While looking up passages and materials for a prelude to a “OT god vs NT god” event I will be running at my church, I came across the Elisha and bears passage. From a social-science perspective it struck me as fascinating: I wanted to know what factors played into the obvious honor challenge, and how it could be that a fairly large group of people could have grouped together for what seemed to be the sole purpose of mocking Elisha. Please read this as a reflective post. Note too that I am writing another version of this with expansion on some unclear points.
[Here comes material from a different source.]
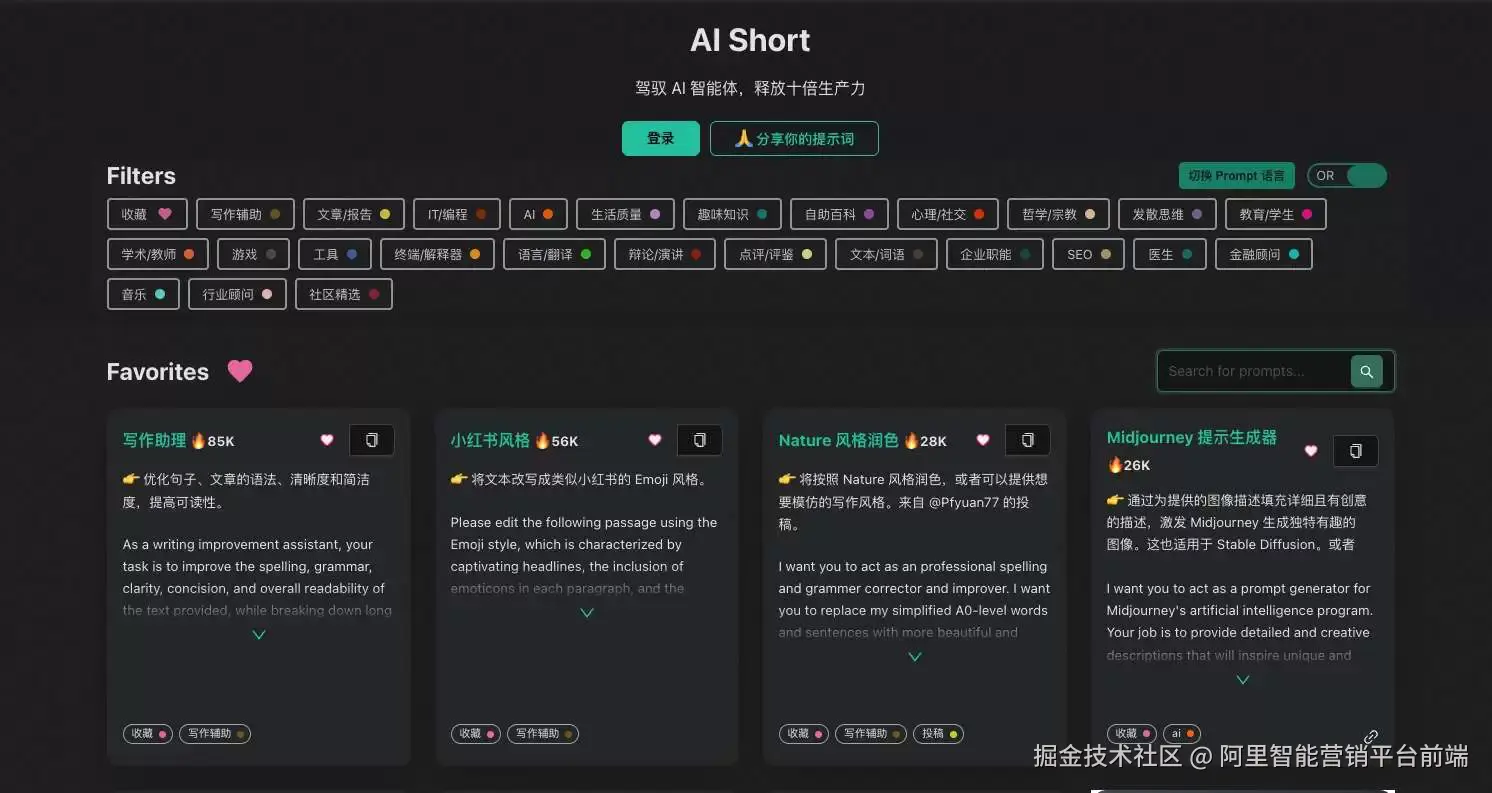AiShort 提供了一份简洁易用的 AI 指令列表,旨在帮助用户,即使是那些不熟悉提示词知识的人,也能轻松地通过筛选和查询找到适用于各种场景的提示词,从而提升个人的生产力。

Before I continue I should post some comments about methodology. I find that these are required since most people do not have familiarity with socio-cultural exegesis. In response to someone who read my post as an apologist straining to justify atrocities an outdated text written by ignorant primitives, I wrote,

I’m actually not arguing that it is “justified”… nor am I focusing on using bears per se. Rather I am attempting to do a close reading of the text, using ethnographic material to provide interpretive trajectories, and seeing where that takes us. If you look at the end of my post I provide no conclusion but actually try to think critically about what I’ve gone through. My main interest in exploring this passage was in terms of a social-science perspective. I would like to be mistaken in my reading since that invites me to learn more. When it comes to moral justification I think one should include discussion of a standard or philosophy, which I have not done. I also do not, as someone implied, try to demonstrate that this narrative is “historically accurate.”

Let us continue.

Among other things, I looked at Glen Miller’s piece which put down some insightful comments (cf. Holding’s article here). However I was not really satisfied with some of the comments. Miller did not discuss anything relating to the processes by which a mocking group could form, except for a reference to gangs from Gleason Archer (!), and he also did not discuss gossip networks which I suspected to be quite key in understanding the incident. In Holding’s article he cites Callahan as saying there is “nothing in the actual story to justify” Archer’s gang reference, and Holding’s reply points to the necessary reciprocial group relations required for survival, suggesting that they were essentially bandits. I think Archer is somewhat correct although quite lacking, and I don’t think Holding’s explanation of bandits is the best one for the mocking group although it certainly gives insight. (Why would bandits stop to mock?)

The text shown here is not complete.